> _WHAT THE TASK REQUIRES_
For the records below, copy exactly the span that begins at the line containing "1、可以看到从门店发往工厂的每批员工是详细信息;" and stops after the line containing "Впрочем, все эти", minus any pictures.

### DATA RECORDS

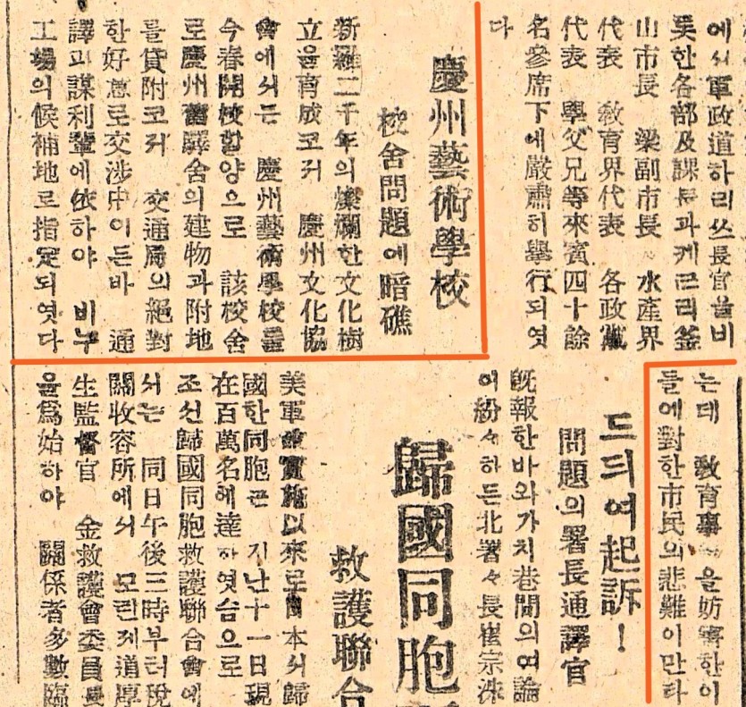 신라 이천년(新羅 二千年)의 찬란(燦爛)한 문화수립(文化樹立)을 육성(育成)코저 경주문화협회(慶州文化協會)에서는 경주예술학교(慶州藝術學校)를 금춘(今春) 개교(開校)할양으로 해교사(該校舍)로 경주(慶州) 구역사(舊驛舍)의 건물(建物)과 부지(附紙)를 대부(貸附)코저 교통부(交通部)의 절대(絶對)한 호의(好意)로 교섭중(交涉中)이든바 통역(通譯)과 모리배(謀利輩)에 의(依)하야 비누공장(工場)의 후보지(候補地)로 지정(指定)되엿다는데 교육사□(敎育事□)을 방해(妨害)한 이들에 대(對)한 시민(市民)의 비난(非難)이 만타.
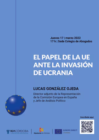 Cartel anunciador de la sesión informativa organizada por la Diputación de Córdoba y el Colegio de Abogados sobre el papel de la UE ante la invasión de Ucrania. - DIPUTACION DE CORDOBA
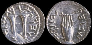 Thus, on these Bar Kochba coins, the side with the trumpets reads: "To the freedom of Jerusalem" while the reverse, with the lyre, reads "Year two to the freedom of Israel."
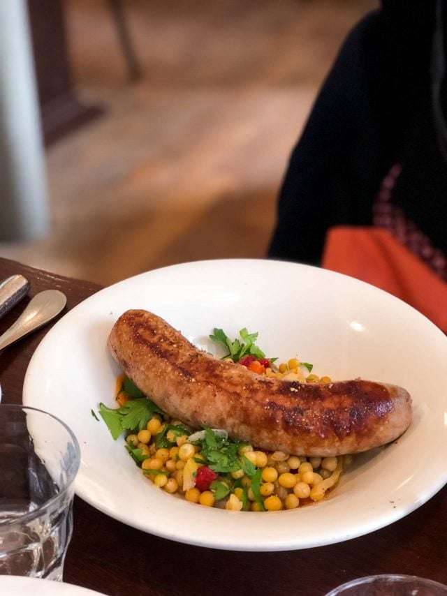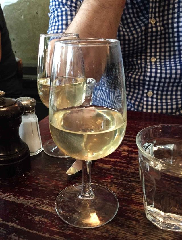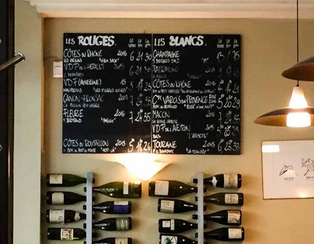 The cafรฉ features natural wines, championed by some, although not to everyoneโs taste. If well-selected, they can be vibrant and captivating (and intriguing). If not, you can expect some fizziness, errant acidity, or other qualities you might not expect in a glass of wine. The white Cรดte du Rhone weย fell into the first category, and since the prices are gentle, you wonโt feel bad if take a chance on something different.
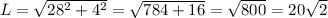 Длина диагонали осевого сечения, обозначим как L, равна
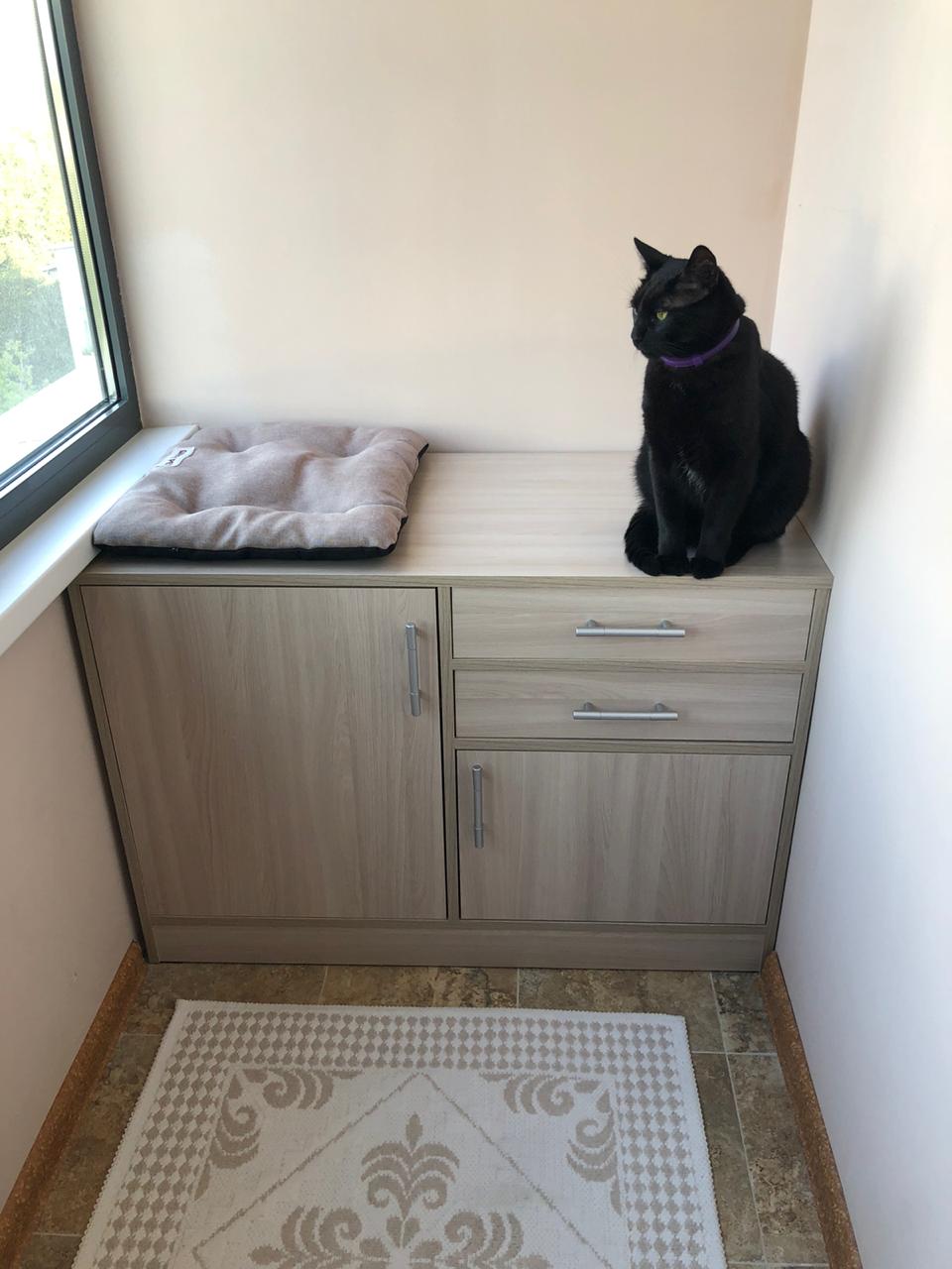 Тумбу покупали для кота!) шутка. На самом деле искали, куда бы и во что бы на балконе спрятать вещи (ведро, тряпки, ящик с инструментами, ящик с овощами, банки и прочий нужный "хлам"). Увидела в отзывах именно этот вариант и поняла, что влюбилась. Причем и стандартный цвет и фурнитура прям то, что было нужно. Порадовала оперативность, т.е. я оформила заказ на сайте и мне практически сразу позвонил менеджер и уточнил детали (параметры не совсем стандартные - ширина, высота вплоть до миллиметров высчитывались, чтобы вписалось идеально). Делали ее в течение 2х недель, доставка бесплатно до подъезда. В условиях "пандемии" скорость и оперативность очень порадовали. Оставлю сайт у себя в закладках. Хоть мебель вся новая и ничего не нужно, но мало ли куда и кому что подсказать потребуется. Спасибо огромное!!!!
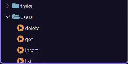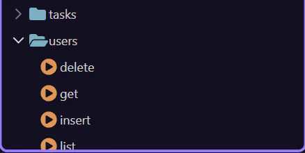 Use folders per feature area (for example users/, orders/, admin/). Use consistent action names (for example list, get, create, update, delete). Put shared logic in Library actions and call them from API actions.
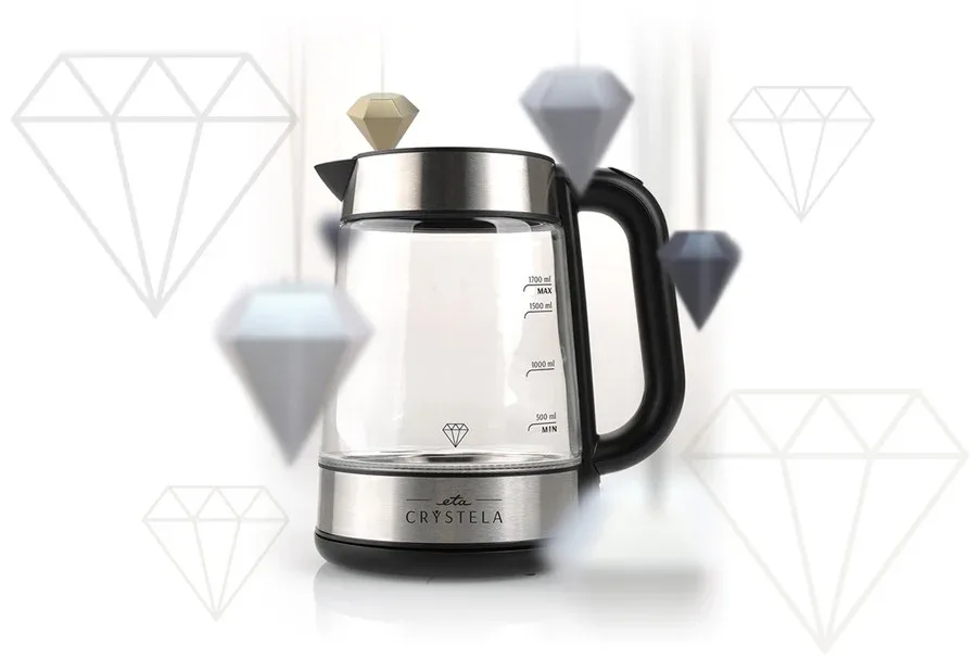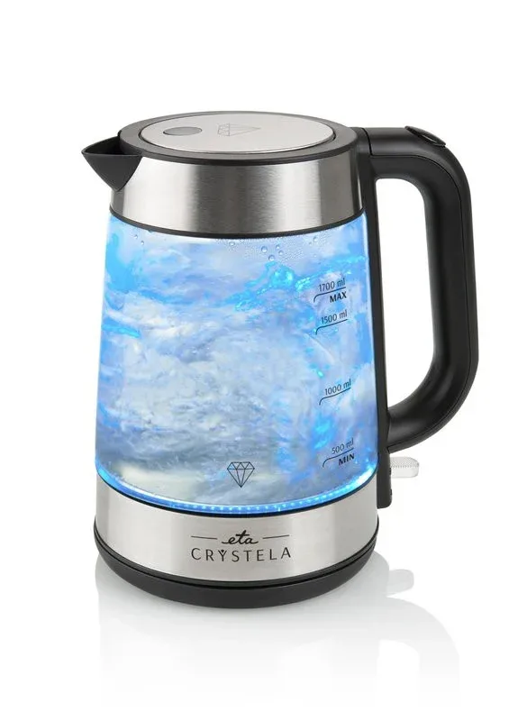 Cana fierbator din sticla ETA Crystela 6153, 1,7 L, 2200 W, iluminare LED albastra
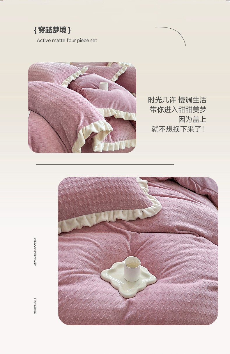 (总)其奥家纺 2025秋冬新款A类全棉双层纱棉加牛奶绒四件套韩版公主风,可颂,春野,奈斯,秋屿,瑞芙丽,映秋
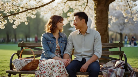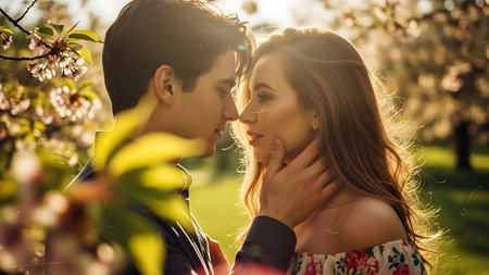 A Sweet Moment Captured: Young Couple Sharing a Delightful Easter Treat Under the Blooming Spring Blossoms
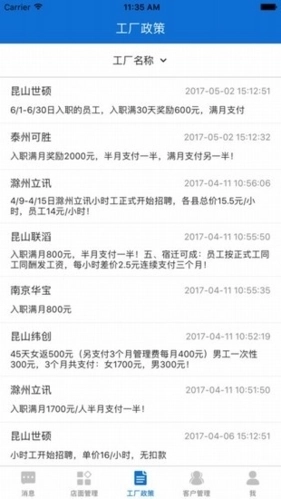 1、可以看到从门店发往工厂的每批员工是详细信息;
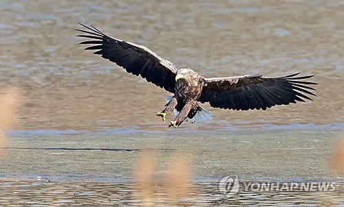 (강릉=연합뉴스) 유형재 기자 = 8일 강원 강릉시 남대천에서 대형 맹금류인 겨울 철새 흰꼬리수리가 날카로운 발톱을 세우고 물고기 사냥을 시도하고 있다. 흰꼬리수리는 환경부 멸종위기 야생생물 I급이자 천연기념물로 국내에서는 드물게 관찰된다. 2025.12.8 yoo21@yna.co.kr ▶제보는 카카오톡 okjebo ▶연합뉴스 앱 지금 바로 다운받기~ ▶네
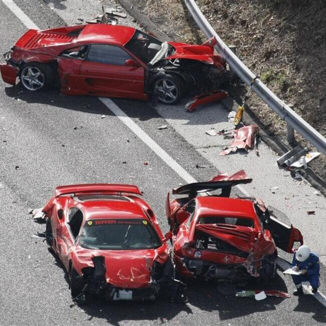 Впрочем, все эти инциденты меркнут на фоне кармагеддона, случившегося в декабре 2011 в Японии. Говорят, это самая дорогая авария в истории, общий ущерб составил $4 миллиона. Участниками ДТП стали 14 машин, среди которых 8 Ferrari, 3 Mercedes-Benz, Lamborghini Diablo,
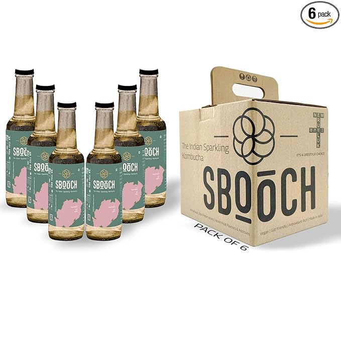 SBOOCH - Indian Sparkling Kombucha Tea is a wellness beverage crafted to support your health journey. Brewed with a blend of tea, filtered water, and kombucha culture, this antioxidant-rich drink is your go-to for gut health and digestion. Free from artificial flavors, preservatives, and additives, SBOOCH offers a pure, natural beverage for a mindful lifestyle. With low caffeine content, its perfect for those seeking a refreshing, alcohol-free option. Its unique flavors celebrate the essence of Indian culinary traditions, delivering a taste thats authentic and invigorating. Whether you're hydrating after a workout, unwinding at the end of the day, or enjoying a guilt-free treat, SBOOCH is your perfect companion. Vegan, gluten-free, and preservative-free, every bottle meets the highest standards of purity and quality. Embrace a healthier future with SBOOCH, a sparkling kombucha tea that combines modern wellness with the timeless richness of Indias flavors.
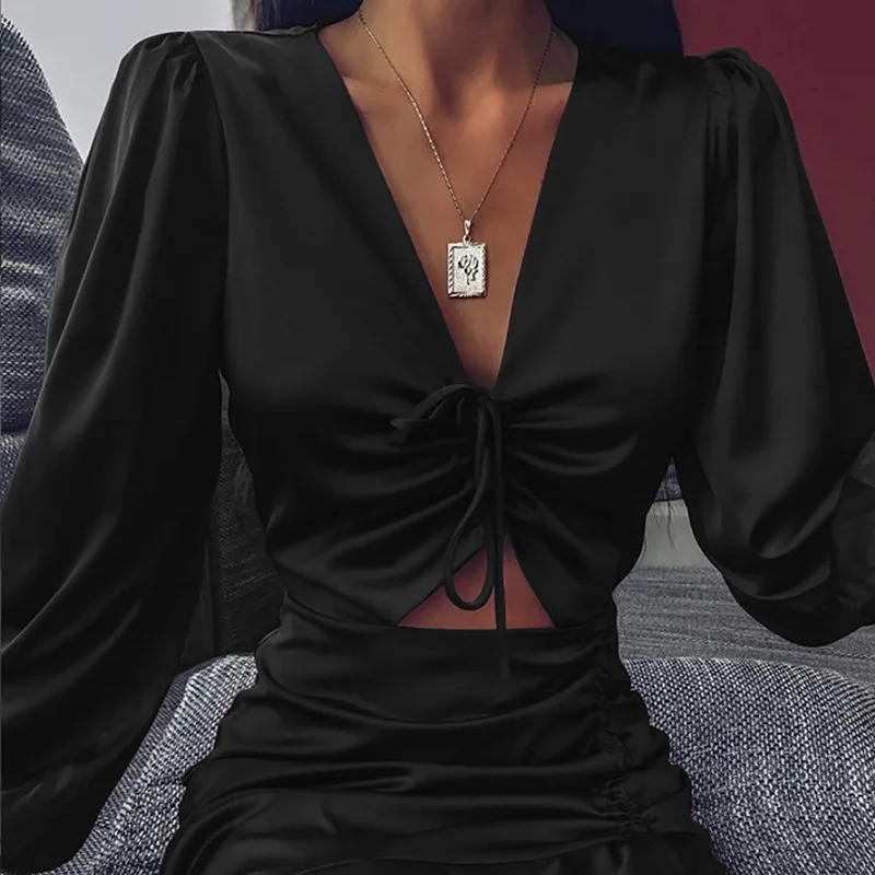 Satin Drawstring Sexy Bodycon Dresses for Women Casual Long Sleeve Elegant Party Dress
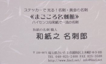 美しい和紙で “おしゃれな” 《和紙の名刺》を お届けしています お店、会社、商品などのPRカードとしても活用いただけます! 本格高級和紙 ( しこくてんれい ) の詳細画像 〔まごころ名刺館〕 |サイトTOPページ|お店の概要|お問い合わせフォーム| TEL 048-825-2400 FAX 048-825-3588 |
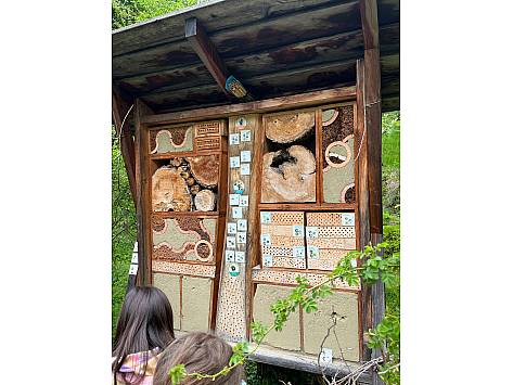 Nebst den vielen Arbeiten wurde das neue Insektenhotel, an welchem im letzten Schuljahr gearbeitet wurde, an seinem neuen Standort eingepflockt und eingeweiht.
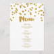 Wedding dinner menu in glamourous gold glitter confetti pattern. (please note glitter is print only)
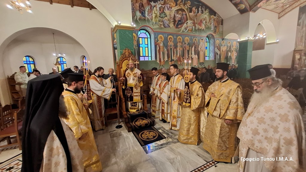 Στο Ιερό Παρεκκλήσιο των Αγίων Αναργύρων της Χριστιανικής Ενώσεως Αγρινίου το πρωί του Σαββάτου, 1 Νοεμβρίου 2025 τελέσθηκε η ακολουθία του Όρθρου χοροστατούντος του Σεβασμιωτάτου Μητροπολίτου Αιτωλίας και Ακαρνανίας κ. Δαμασκηνού, ο οποίος στη συνέχεια προεξήρχε στην πανηγυρική Αρχιερατική Θεία Λειτουργία, με συλλειτουργούς του, τον Ιεροκήρυκα και Πνευματικό Υπεύθυνο της Χριστιανικής Ενώσεως Αγρινίου, Αρχιμ. Λαυρέντιο Καρανάσιο, τον Πρωτοπρ. Βενέδικτο Παπαχρήστο, τον Αρχιδιάκονο της Ι. Μ. Δημητριάδος π. Ιάκωβο Πρώια, τον Αρχιδιάκονο της Ιεράς Μητροπόλεώς μας π. Δημήτριο Λαγούδη και τους Διακόνους π. Ιγνάτιο Γοργολίτσα και π. Σωκράτη Σχίζα.
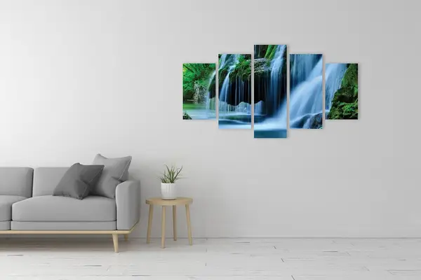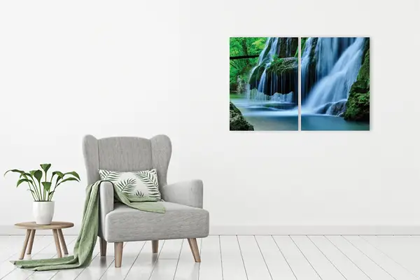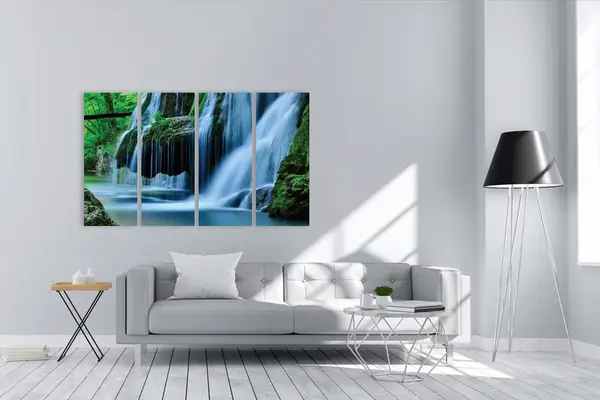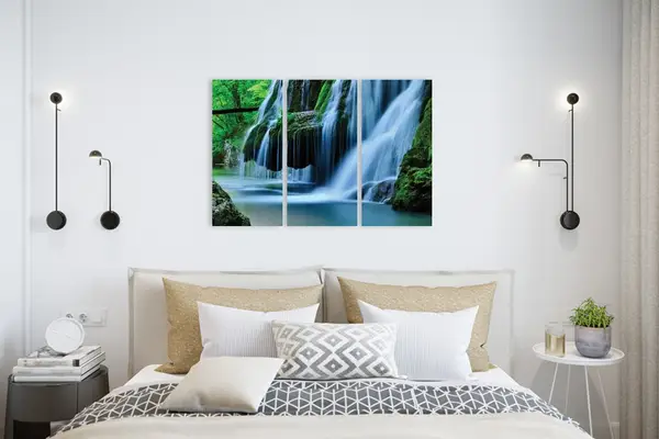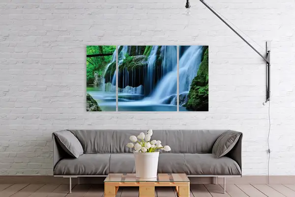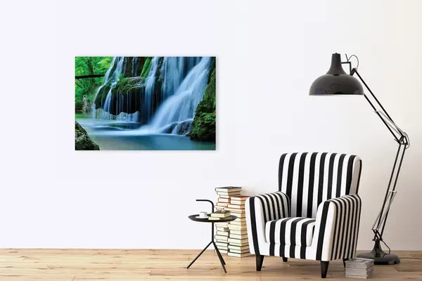 Ο συγκεκριμένος καμβάς, με τον κωδικό 82613, απεικονίζει έναν καταρράκτη που περιβάλλεται από πλούσιο πράσινο τοπίο. Τα χρώματα κυμαίνονται από δροσερά πράσινα μέχρι γαλήνια μπλε και λευκά, αντικατοπτρίζοντας τη φυσική ομορφιά και την ηρεμία που αποπνέει το τοπίο. Η απλή αλλά εκλεπτυσμένη χρήση του φωτός στο έργο υπογραμμίζει τη θετική ενέργεια, φέρνοντας έναν αέρα ανανέωσης και αρμονίας στον χώρο. Η σύνθεση δημιουργεί μια ροή που είναι κατευθυνόμενη από την καταρράχτηση του νερού, που προσθέτει δυναμικότητα και ζωντάνια.
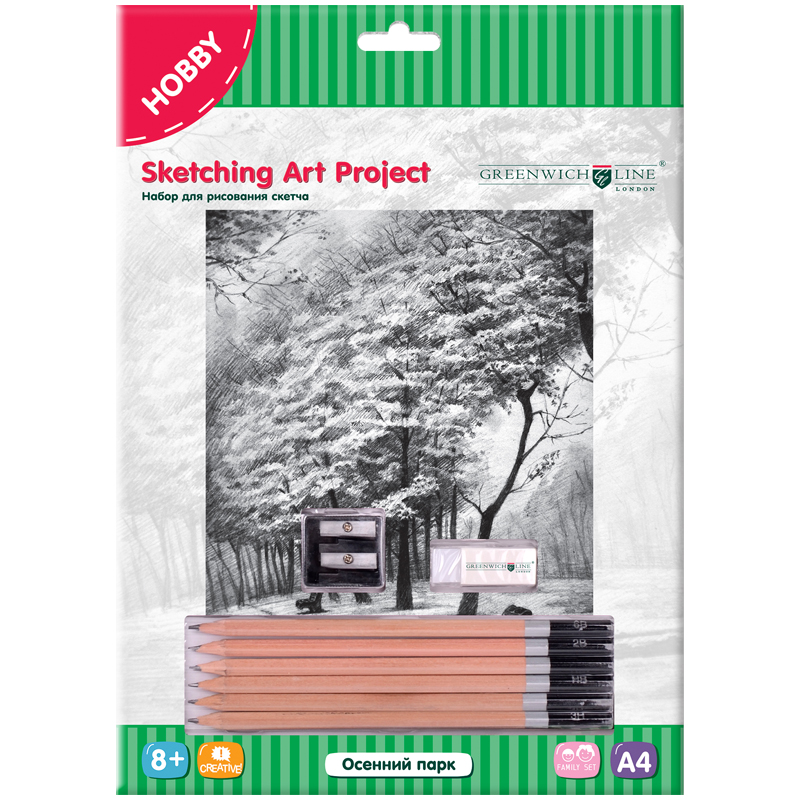 Набор для рисования скетча Greenwich Line "Осенний парк", A4, карандаши, ластик, точилка, картон

######

> _ANSWER BOX_
 1、可以看到从门店发往工厂的每批员工是详细信息;
 (강릉=연합뉴스) 유형재 기자 = 8일 강원 강릉시 남대천에서 대형 맹금류인 겨울 철새 흰꼬리수리가 날카로운 발톱을 세우고 물고기 사냥을 시도하고 있다. 흰꼬리수리는 환경부 멸종위기 야생생물 I급이자 천연기념물로 국내에서는 드물게 관찰된다. 2025.12.8 yoo21@yna.co.kr ▶제보는 카카오톡 okjebo ▶연합뉴스 앱 지금 바로 다운받기~ ▶네
 Впрочем, все эти инциденты меркнут на фоне кармагеддона, случившегося в декабре 2011 в Японии. Говорят, это самая дорогая авария в истории, общий ущерб составил $4 миллиона. Участниками ДТП стали 14 машин, среди которых 8 Ferrari, 3 Mercedes-Benz, Lamborghini Diablo,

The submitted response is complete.